SUPPLIED DATA
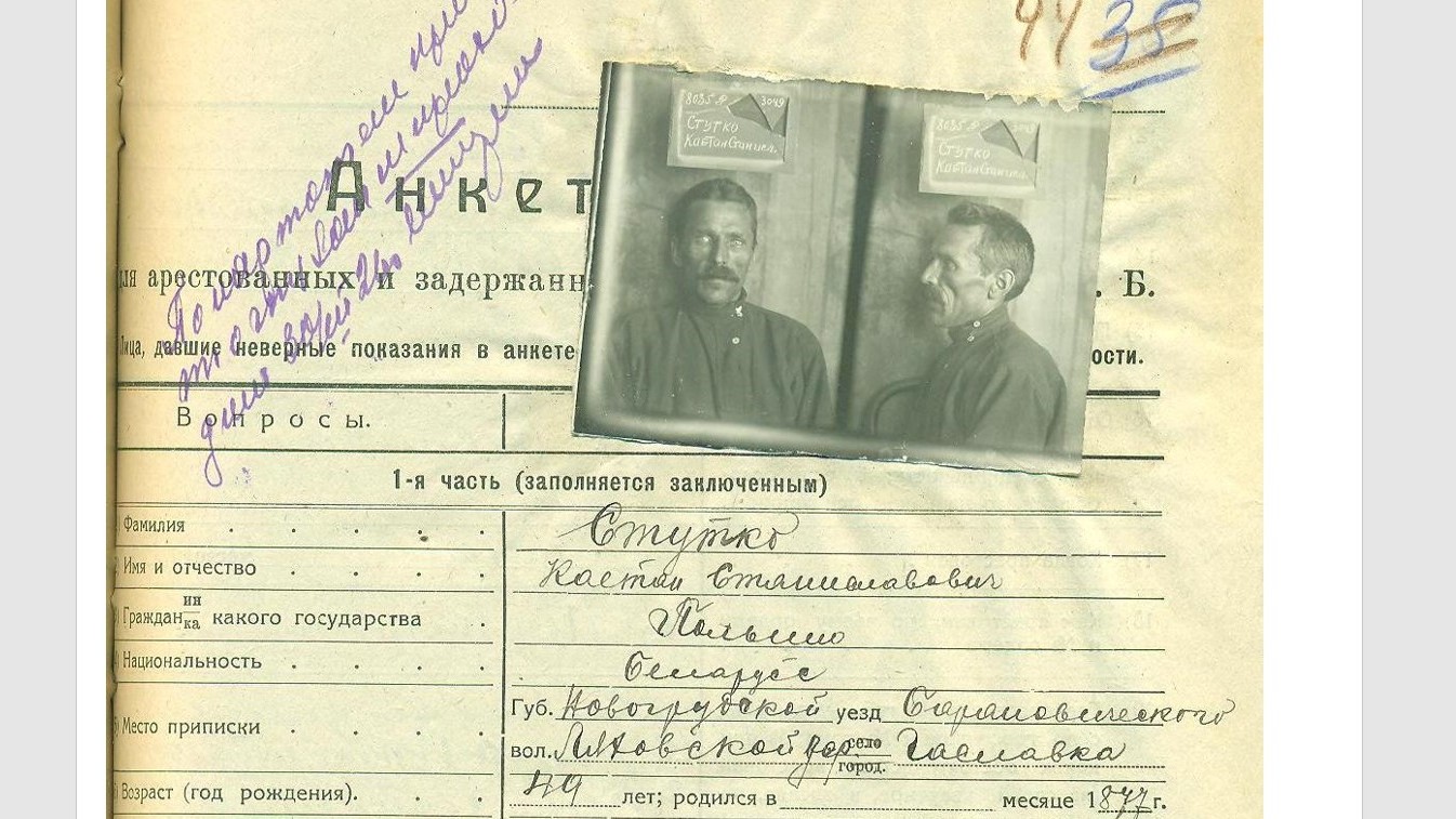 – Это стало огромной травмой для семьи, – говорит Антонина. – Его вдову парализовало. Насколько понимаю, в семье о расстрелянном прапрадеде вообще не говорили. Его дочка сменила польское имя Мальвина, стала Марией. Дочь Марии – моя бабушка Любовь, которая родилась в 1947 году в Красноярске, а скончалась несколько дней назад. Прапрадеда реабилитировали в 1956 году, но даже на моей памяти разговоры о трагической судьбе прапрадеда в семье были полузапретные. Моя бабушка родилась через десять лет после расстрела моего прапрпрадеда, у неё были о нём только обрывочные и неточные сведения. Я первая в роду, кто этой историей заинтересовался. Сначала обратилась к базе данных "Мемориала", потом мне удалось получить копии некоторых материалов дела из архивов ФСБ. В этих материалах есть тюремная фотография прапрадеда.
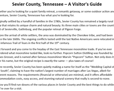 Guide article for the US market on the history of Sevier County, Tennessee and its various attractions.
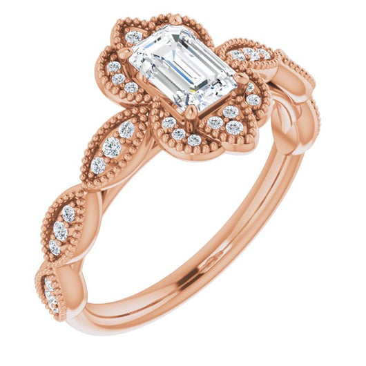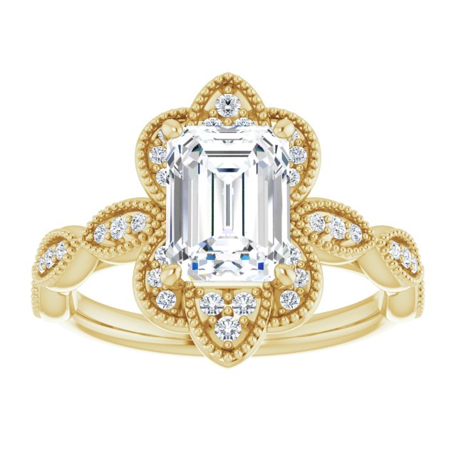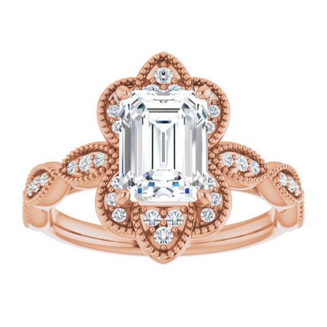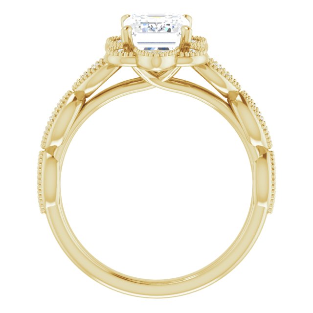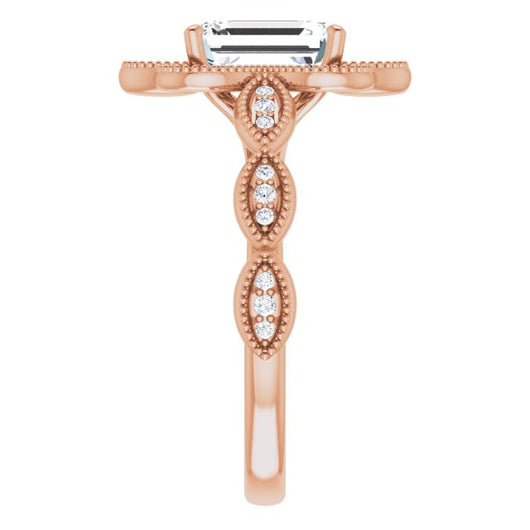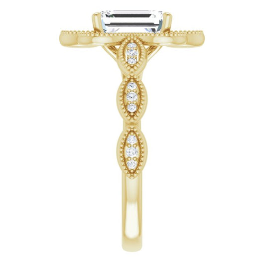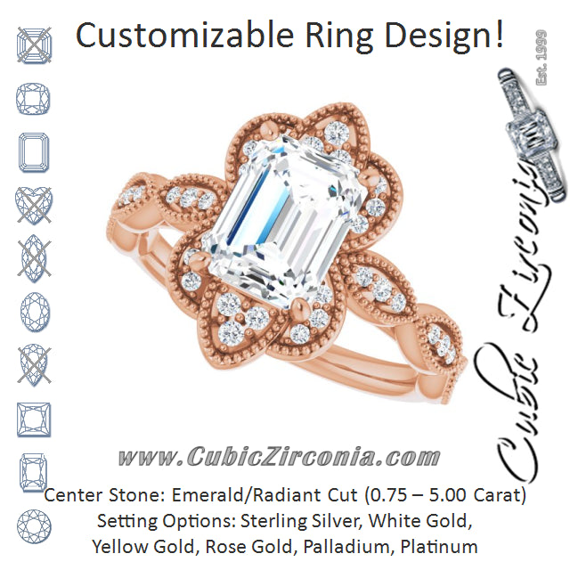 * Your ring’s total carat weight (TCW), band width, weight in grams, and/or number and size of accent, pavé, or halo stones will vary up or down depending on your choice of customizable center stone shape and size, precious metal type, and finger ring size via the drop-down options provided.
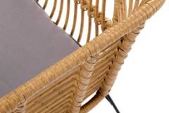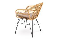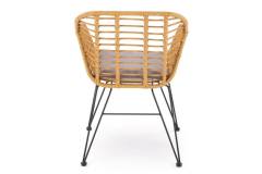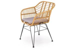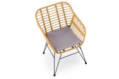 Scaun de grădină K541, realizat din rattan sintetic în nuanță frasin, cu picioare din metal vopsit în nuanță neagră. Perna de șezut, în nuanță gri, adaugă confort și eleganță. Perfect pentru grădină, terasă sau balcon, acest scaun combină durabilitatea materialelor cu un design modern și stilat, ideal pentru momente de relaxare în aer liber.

WHAT IS EXPECTED
For this task, return exactly the stretch of the listing above from the line with "Guide article for" through the line with "drop-down options provided.", inclusive and without pictures.

THE COMPLETED TASK
 Guide article for the US market on the history of Sevier County, Tennessee and its various attractions.
 * Your ring’s total carat weight (TCW), band width, weight in grams, and/or number and size of accent, pavé, or halo stones will vary up or down depending on your choice of customizable center stone shape and size, precious metal type, and finger ring size via the drop-down options provided.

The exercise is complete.